Stored data ▸
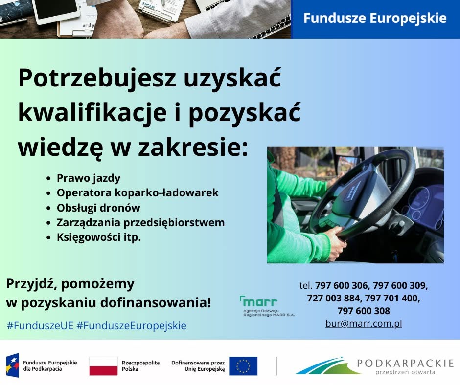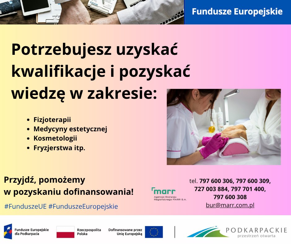Projekt realizowany i współfinansowany ze środków Europejski Fundusz Społeczny Plus w ramach programu regionalnego Fundusze Europejskie dla Podkarpacia 2021-2027, Priorytet 7 FEPK.07 „Kapitał ludzki gotowy do zmian”, działanie FEPK.07.09 „Rozwój kwalifikacji i kompetencji kadr”.
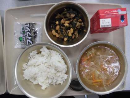 今日の給食の献立は,「麦ご飯」「キャベツの吉野汁」「牛乳」「肉味噌炒め」「じゃこ」です。
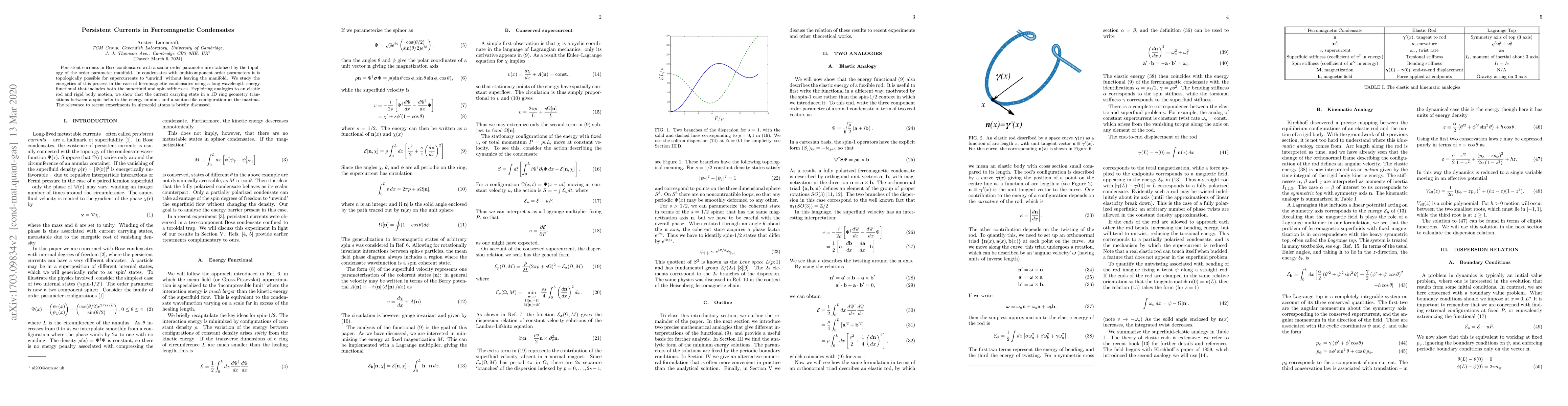 Persistent currents in Bose condensates with a scalar order parameter are stabilized by the topology of the order parameter manifold. In condensates with multicomponent order parameters it is topologically possible for supercurrents to `unwind' without leaving the manifold. We study the energetics of this process in the case of ferromagnetic condensates using a long wavelength energy functional that includes both the superfluid and spin stiffnesses. Exploiting analogies to an elastic rod and rigid body motion, we show that the current carrying state in a 1D ring geometry transitions between a spin helix in the energy minima and a soliton-like configuration at the maxima. The relevance to recent experiments in ultracold atoms is briefly discussed.
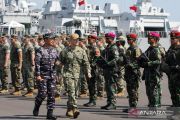 Prajurit TNI AL dan personel Angkatan Laut Amerika Serikat (United States Navy) mengikuti pembukaan Latihan Bersama (Latma) Cooperation Afloat Readiness and Training (CARAT) 2025 di Koarmada II, Surabaya, Jawa Timur, Senin (23/6/2025). Latma CARAT 2025 merupakan kegiatan latihan bersama TNI AL bersama Angkatan Laut Amerika Serikat (United States Navy) dan Korps Marinir Amerika Serikat (United States Marine Corps) yang digelar pada 23-30 Juni 2025 dengan tujuan memperkuat hubungan kerja sama militer serta meningkatkan profesionalisme prajurit TNI AL, US Navy, dan USMC. ANTARA FOTO/Didik Suhartono/wpa.

Your instructions ▸ Beginning with the line where "Persistent currents in" appears, restate word for word every line down to the last one in the data, but keep the pictures out.

Written answer ▸
 Persistent currents in Bose condensates with a scalar order parameter are stabilized by the topology of the order parameter manifold. In condensates with multicomponent order parameters it is topologically possible for supercurrents to `unwind' without leaving the manifold. We study the energetics of this process in the case of ferromagnetic condensates using a long wavelength energy functional that includes both the superfluid and spin stiffnesses. Exploiting analogies to an elastic rod and rigid body motion, we show that the current carrying state in a 1D ring geometry transitions between a spin helix in the energy minima and a soliton-like configuration at the maxima. The relevance to recent experiments in ultracold atoms is briefly discussed.
 Prajurit TNI AL dan personel Angkatan Laut Amerika Serikat (United States Navy) mengikuti pembukaan Latihan Bersama (Latma) Cooperation Afloat Readiness and Training (CARAT) 2025 di Koarmada II, Surabaya, Jawa Timur, Senin (23/6/2025). Latma CARAT 2025 merupakan kegiatan latihan bersama TNI AL bersama Angkatan Laut Amerika Serikat (United States Navy) dan Korps Marinir Amerika Serikat (United States Marine Corps) yang digelar pada 23-30 Juni 2025 dengan tujuan memperkuat hubungan kerja sama militer serta meningkatkan profesionalisme prajurit TNI AL, US Navy, dan USMC. ANTARA FOTO/Didik Suhartono/wpa.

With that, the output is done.